WHAT THIS TASK INVOLVES: Your job is to print, exactly, the lines in the data below from the line with "(棚板のみ)幅61×奥行46×高157.5cm (ハンドル含む)幅72.5×奥行46×高157.5cm |" through the line with "AND ANSWERS 2025", both included, and to omit any picture.

STORED DATA:
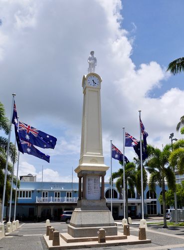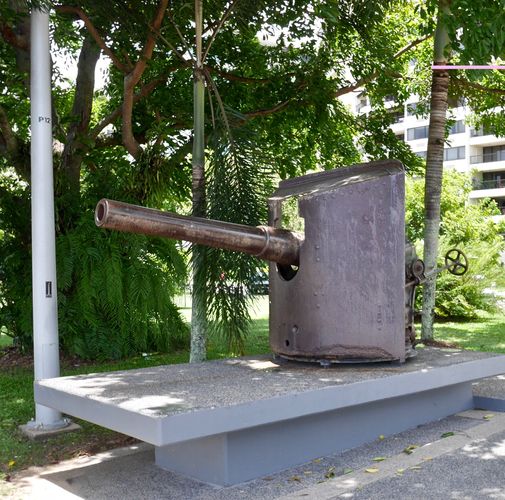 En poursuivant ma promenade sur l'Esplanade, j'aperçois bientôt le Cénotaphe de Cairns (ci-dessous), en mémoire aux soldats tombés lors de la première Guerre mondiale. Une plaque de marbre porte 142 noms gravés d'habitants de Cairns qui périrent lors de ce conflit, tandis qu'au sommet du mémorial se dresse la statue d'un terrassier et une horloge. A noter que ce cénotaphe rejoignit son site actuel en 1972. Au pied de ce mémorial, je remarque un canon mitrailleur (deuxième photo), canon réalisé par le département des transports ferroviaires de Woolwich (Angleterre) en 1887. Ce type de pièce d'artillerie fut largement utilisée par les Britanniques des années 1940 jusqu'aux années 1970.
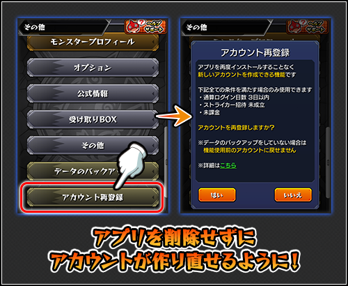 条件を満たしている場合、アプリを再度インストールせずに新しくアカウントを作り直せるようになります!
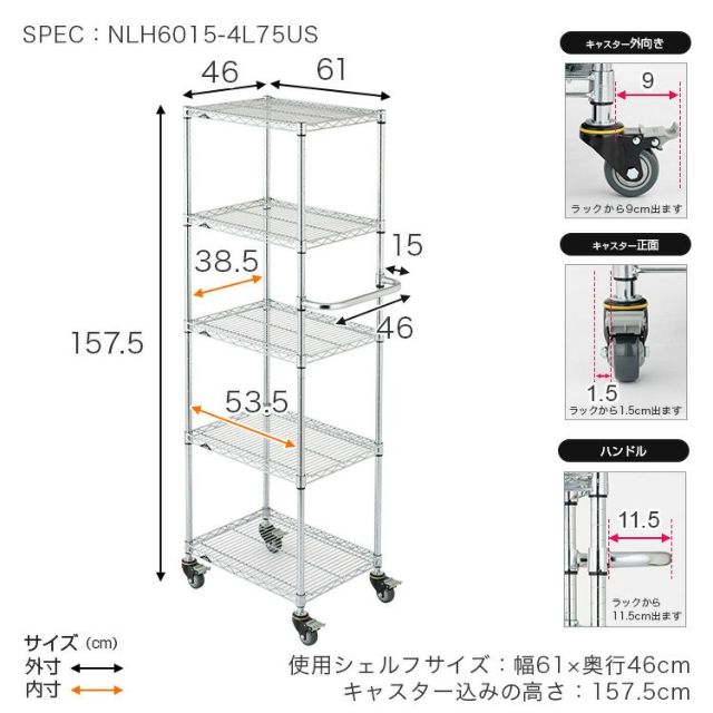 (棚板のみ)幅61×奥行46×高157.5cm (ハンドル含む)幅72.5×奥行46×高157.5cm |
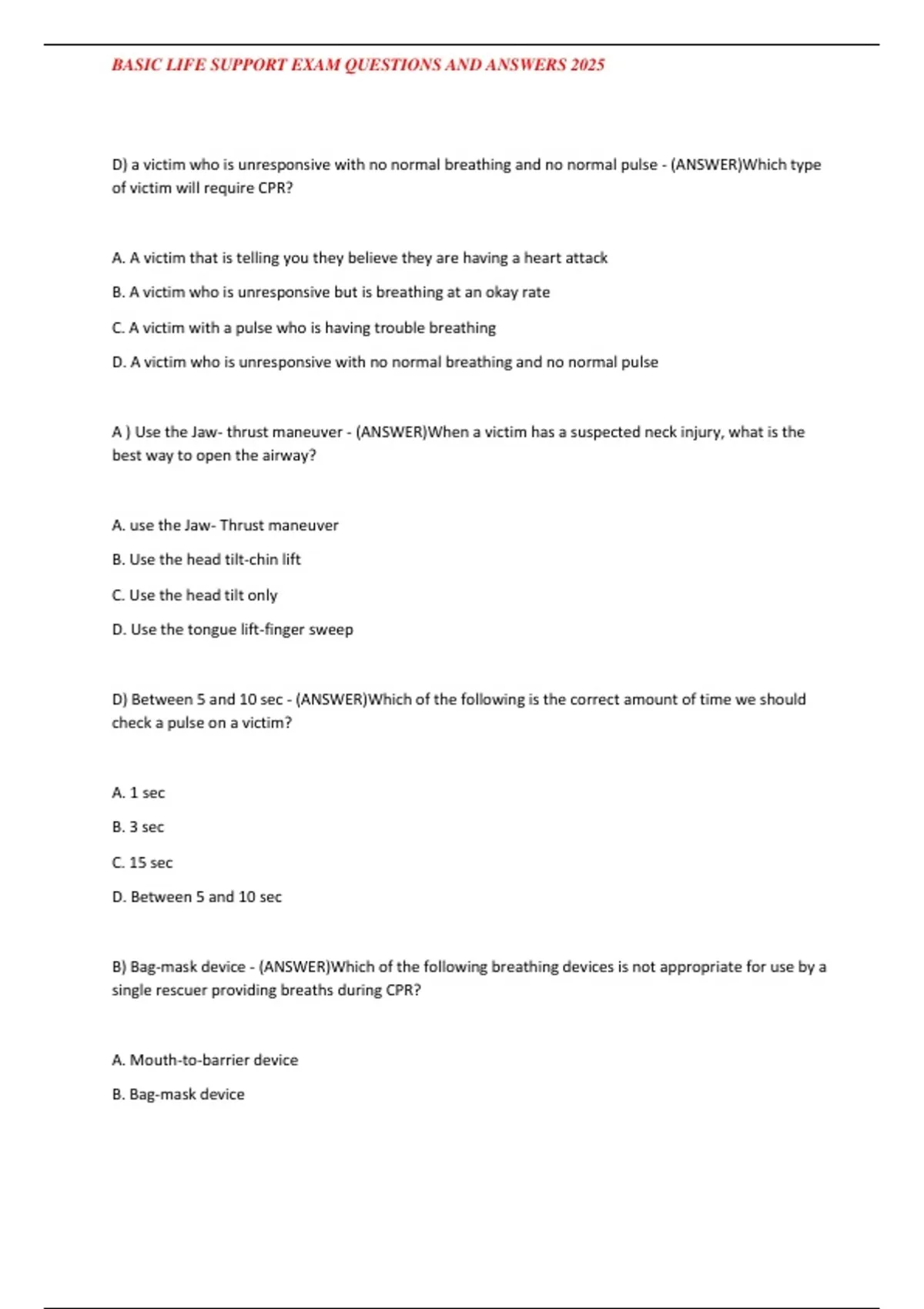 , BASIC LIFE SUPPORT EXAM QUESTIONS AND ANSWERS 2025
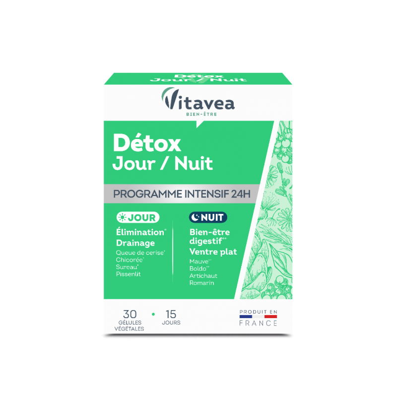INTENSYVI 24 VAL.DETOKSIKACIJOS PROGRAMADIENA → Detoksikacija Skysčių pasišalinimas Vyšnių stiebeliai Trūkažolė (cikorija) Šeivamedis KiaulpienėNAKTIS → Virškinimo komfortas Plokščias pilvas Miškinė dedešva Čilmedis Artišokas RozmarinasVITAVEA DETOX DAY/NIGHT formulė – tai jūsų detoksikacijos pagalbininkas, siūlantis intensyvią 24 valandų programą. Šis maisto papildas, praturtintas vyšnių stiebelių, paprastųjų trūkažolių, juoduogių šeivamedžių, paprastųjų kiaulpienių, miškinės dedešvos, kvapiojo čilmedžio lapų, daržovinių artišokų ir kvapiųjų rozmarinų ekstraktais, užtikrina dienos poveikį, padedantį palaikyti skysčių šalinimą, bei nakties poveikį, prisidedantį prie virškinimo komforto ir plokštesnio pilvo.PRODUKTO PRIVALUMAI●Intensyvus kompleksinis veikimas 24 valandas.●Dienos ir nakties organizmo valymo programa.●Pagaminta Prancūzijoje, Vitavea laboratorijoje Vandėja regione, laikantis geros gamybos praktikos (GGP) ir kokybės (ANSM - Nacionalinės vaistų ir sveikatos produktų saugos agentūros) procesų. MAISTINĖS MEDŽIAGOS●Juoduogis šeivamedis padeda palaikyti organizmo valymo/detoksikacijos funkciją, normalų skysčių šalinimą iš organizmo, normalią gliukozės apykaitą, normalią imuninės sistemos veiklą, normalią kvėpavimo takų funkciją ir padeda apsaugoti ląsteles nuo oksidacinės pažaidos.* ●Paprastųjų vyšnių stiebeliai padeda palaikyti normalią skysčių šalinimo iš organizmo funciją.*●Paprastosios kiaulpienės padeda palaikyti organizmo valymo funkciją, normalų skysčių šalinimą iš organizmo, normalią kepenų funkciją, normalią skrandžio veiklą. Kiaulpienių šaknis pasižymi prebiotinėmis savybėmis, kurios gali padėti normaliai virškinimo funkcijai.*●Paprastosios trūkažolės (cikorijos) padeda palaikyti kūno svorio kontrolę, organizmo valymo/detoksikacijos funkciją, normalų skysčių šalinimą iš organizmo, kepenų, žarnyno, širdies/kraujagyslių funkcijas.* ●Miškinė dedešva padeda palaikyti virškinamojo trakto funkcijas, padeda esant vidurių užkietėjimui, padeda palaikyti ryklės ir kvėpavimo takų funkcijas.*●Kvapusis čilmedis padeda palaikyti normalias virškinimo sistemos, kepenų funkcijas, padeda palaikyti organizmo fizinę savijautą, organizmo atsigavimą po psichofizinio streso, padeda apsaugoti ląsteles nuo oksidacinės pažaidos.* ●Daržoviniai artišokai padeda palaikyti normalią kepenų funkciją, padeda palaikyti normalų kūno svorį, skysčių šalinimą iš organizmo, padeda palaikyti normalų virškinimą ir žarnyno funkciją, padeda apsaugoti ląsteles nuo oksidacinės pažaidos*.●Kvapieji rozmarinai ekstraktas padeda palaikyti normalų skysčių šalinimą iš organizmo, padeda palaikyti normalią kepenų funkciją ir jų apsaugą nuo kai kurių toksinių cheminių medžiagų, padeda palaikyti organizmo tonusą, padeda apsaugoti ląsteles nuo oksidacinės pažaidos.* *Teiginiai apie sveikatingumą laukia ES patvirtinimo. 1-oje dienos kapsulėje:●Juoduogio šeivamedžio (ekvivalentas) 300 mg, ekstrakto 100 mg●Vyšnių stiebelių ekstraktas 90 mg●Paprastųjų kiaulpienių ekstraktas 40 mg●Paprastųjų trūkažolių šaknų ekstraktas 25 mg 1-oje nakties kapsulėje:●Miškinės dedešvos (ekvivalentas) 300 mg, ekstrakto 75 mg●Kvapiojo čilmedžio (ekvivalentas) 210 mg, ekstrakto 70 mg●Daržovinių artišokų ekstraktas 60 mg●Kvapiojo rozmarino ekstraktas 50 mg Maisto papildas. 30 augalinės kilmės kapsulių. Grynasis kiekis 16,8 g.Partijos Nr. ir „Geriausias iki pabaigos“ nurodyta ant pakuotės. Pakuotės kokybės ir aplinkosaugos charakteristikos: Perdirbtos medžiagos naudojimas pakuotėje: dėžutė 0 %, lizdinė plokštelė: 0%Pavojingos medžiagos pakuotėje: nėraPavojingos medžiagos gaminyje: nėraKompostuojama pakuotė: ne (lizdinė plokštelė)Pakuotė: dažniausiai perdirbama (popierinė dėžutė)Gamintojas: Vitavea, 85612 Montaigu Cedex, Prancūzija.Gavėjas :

---

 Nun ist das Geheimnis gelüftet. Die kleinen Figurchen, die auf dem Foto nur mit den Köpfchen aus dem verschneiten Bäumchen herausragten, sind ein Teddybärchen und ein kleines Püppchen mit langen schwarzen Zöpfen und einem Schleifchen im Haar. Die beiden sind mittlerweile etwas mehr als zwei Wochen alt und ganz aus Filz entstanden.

RESULT OF THIS EXERCISE:
 (棚板のみ)幅61×奥行46×高157.5cm (ハンドル含む)幅72.5×奥行46×高157.5cm |
 , BASIC LIFE SUPPORT EXAM QUESTIONS AND ANSWERS 2025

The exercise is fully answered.